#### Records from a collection
────────────────

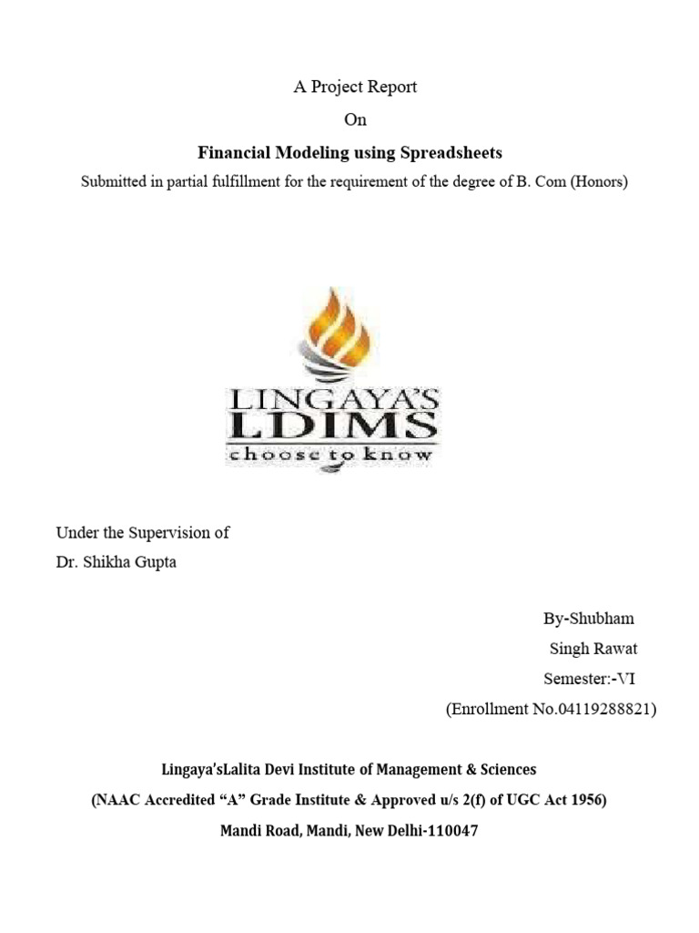 This is to certify that I have completed the Project titled “Financial Modeling using Spreadsheet” under the
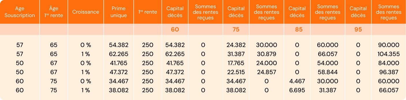 - En cas de décès à 75 ans, un montant total de 30 000 euros de rente aura été versé. Le ou les bénéficiaires désignés recevront 24 382 euros, soit le montant de la prime unique diminuée des rentes déjà perçues.
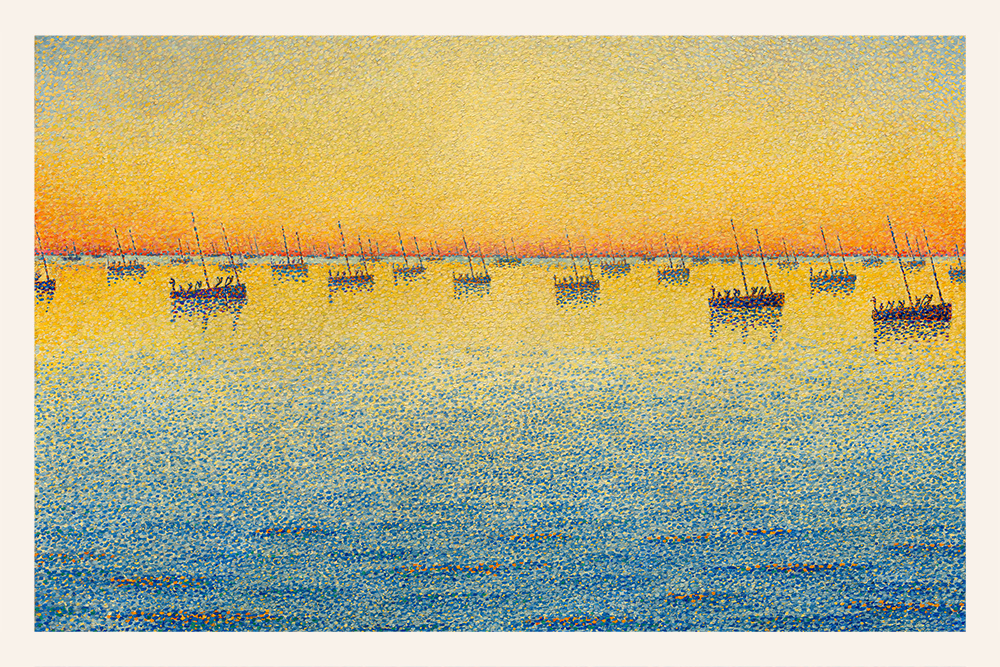 Wunderschöner Sonnenuntergang über dem Mittelmeer und den darauf ankernden Fischerbooten. Dieses klassisch impressionistische Meisterwerk von einem der bedeutendsten Künstler des Neo-impressionismus Paul Signac, strahlt mediterrane Romantik aus. Dieses schöne Bild als gerahmter Kunstdruck ist eine Augenweide und ein Hingucker über jeder Couch oder in der Bilderwand.
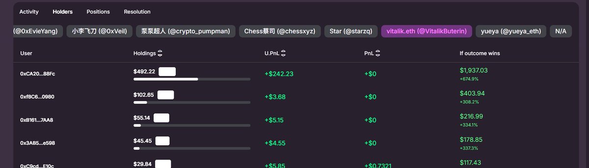 Address 88FC, as the second earliest buyer, spent $492 betting on Vitalik.
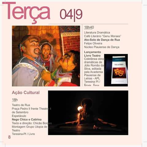 Seguindo o quinto dia da programação do aniversário do Theatro 4 de Setembro, teremos às 18hrs, na praça Pedro II o espetáculo “Nego Chico e Catirina”. E às 18h40, acontecerá Literatura Dramática no Café literário “Genu Moraes” com Ato-Solo de dança de rua e também o lançamento do Livro “Teatro”, uma coletânea de obras dramáticas do Júlio Romão da Silva.
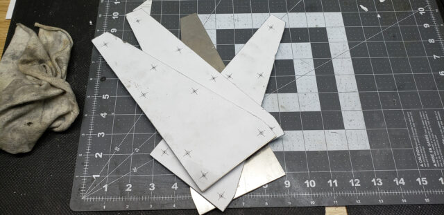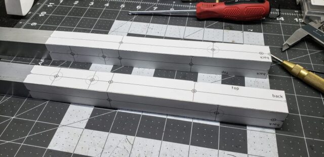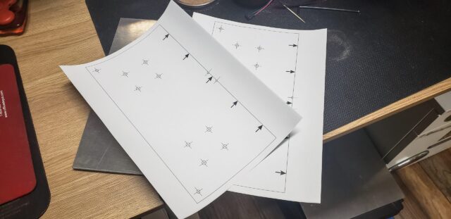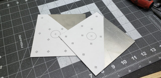 This turned out to be faster and more accurate than crawling all over the surface with a ruler, square, and calipers, transferring all those millimeters, inches, parrots, parsecs, and other astronomical units. Print, slap it on, punch, drill — and done. I stuck to this method for all other similar parts moving forward.
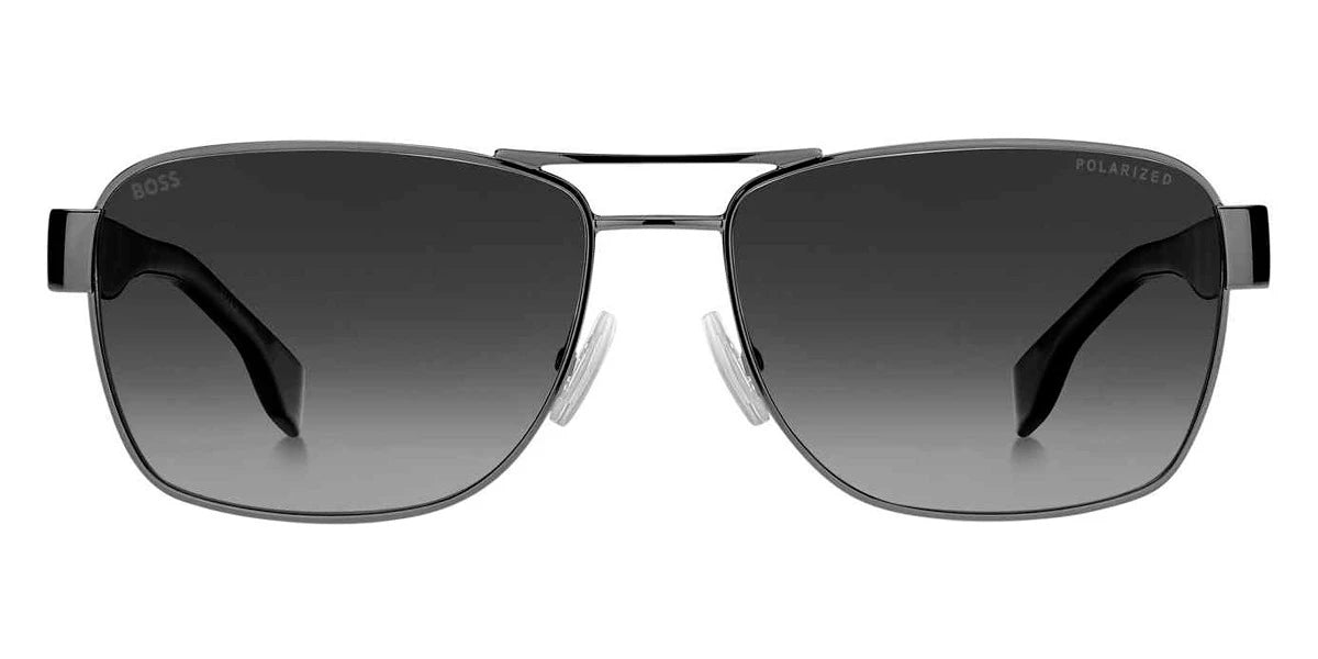 Black (0807M9) Sunglasses with Gray Polarized lenses (1441/S 0807M9 60) by Boss™. Size: 60-16-150, Shape: Rectangle, Material: Acetate and Stainless Steel.
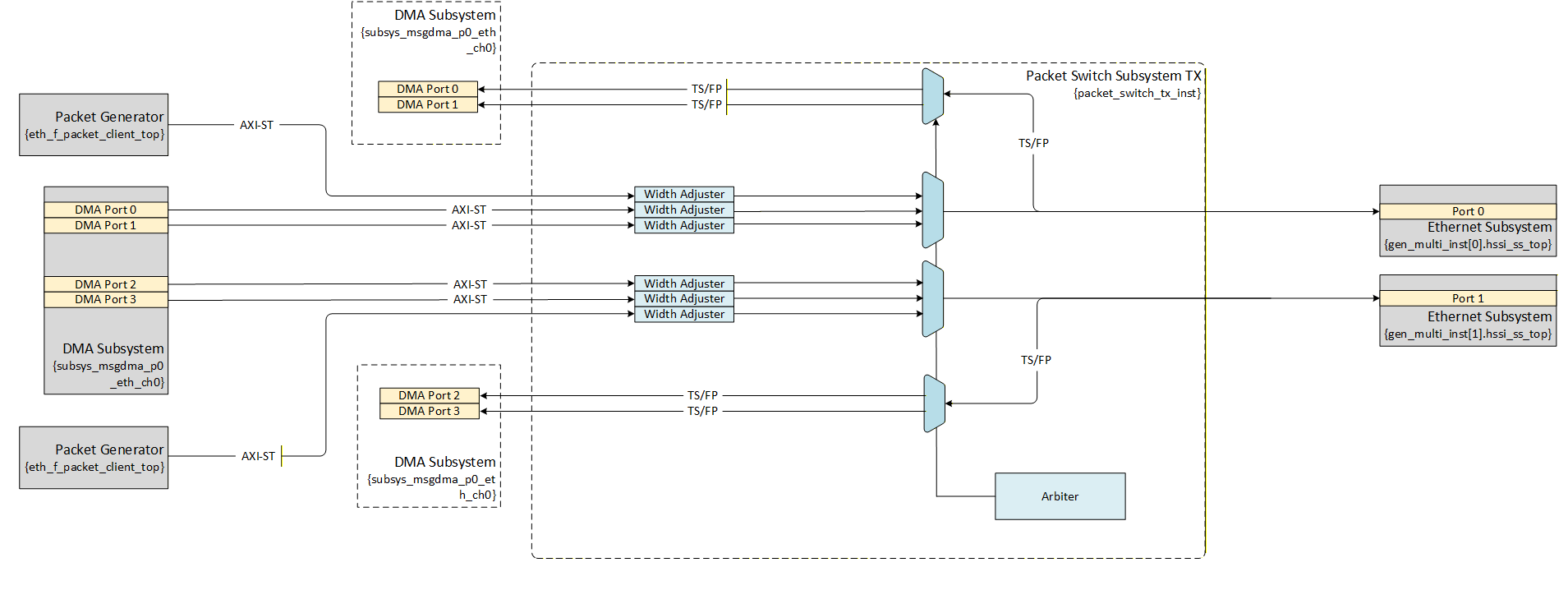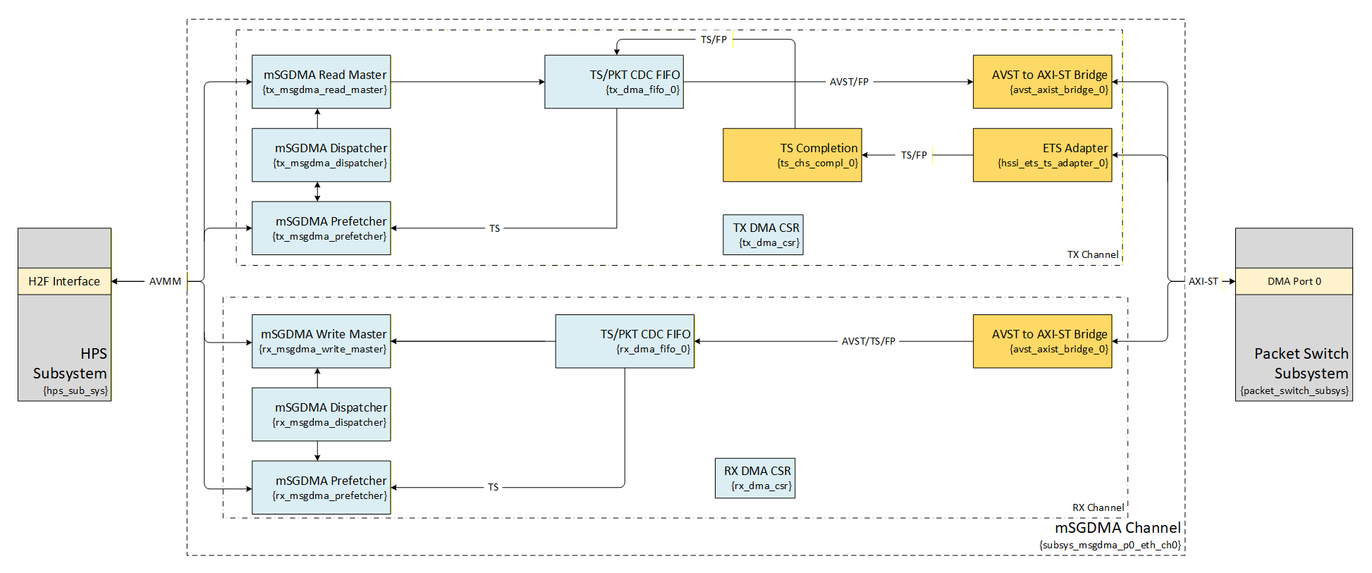 The DMA Subsystem uses mSGDMA engines to transfer data between the HPS and the Ethernet Subsystem. It includes four DMA Ports, 2-transmit (TX) and 2-receive (RX) for each Ethernet port. These channels natively handle PTP Timestamps and Tx Fingerprints.
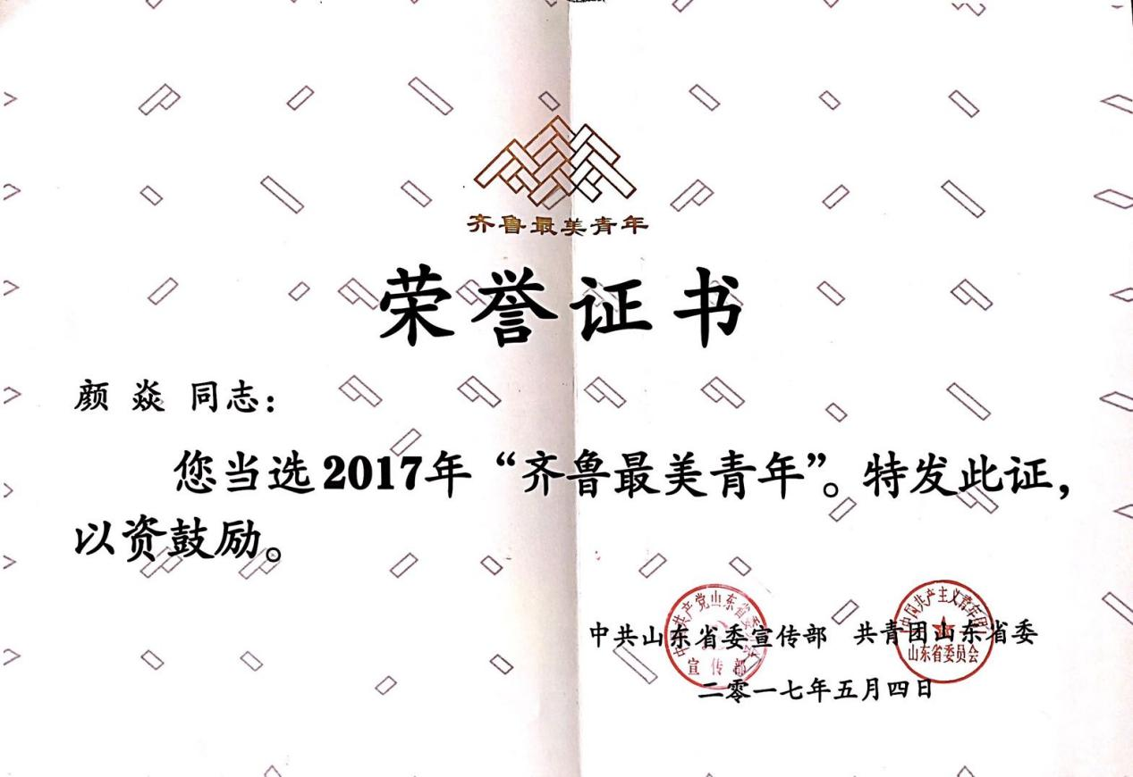 颜焱当选2017年度“齐鲁最美青年”
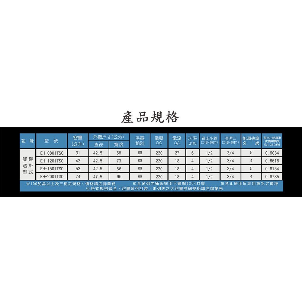 HMK鴻茂 EH-2001TSQ 74L 橫掛式調溫線控型 電熱水器
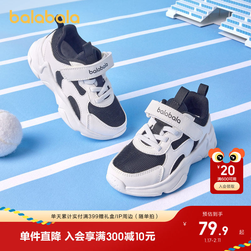 巴拉巴拉童鞋运动鞋透气鞋子舒适春秋小白鞋网鞋潮透气防滑老爹鞋

────────────────

#### HOW TO COMPLETE THIS TASK
Precisely those lines above that run from the line with "Address 88FC, as" up to and including the line with "Seguindo o quinto" are to be set down, with the pictures omitted.

#### RESULT BELOW
 Address 88FC, as the second earliest buyer, spent $492 betting on Vitalik.
 Seguindo o quinto dia da programação do aniversário do Theatro 4 de Setembro, teremos às 18hrs, na praça Pedro II o espetáculo “Nego Chico e Catirina”. E às 18h40, acontecerá Literatura Dramática no Café literário “Genu Moraes” com Ato-Solo de dança de rua e também o lançamento do Livro “Teatro”, uma coletânea de obras dramáticas do Júlio Romão da Silva.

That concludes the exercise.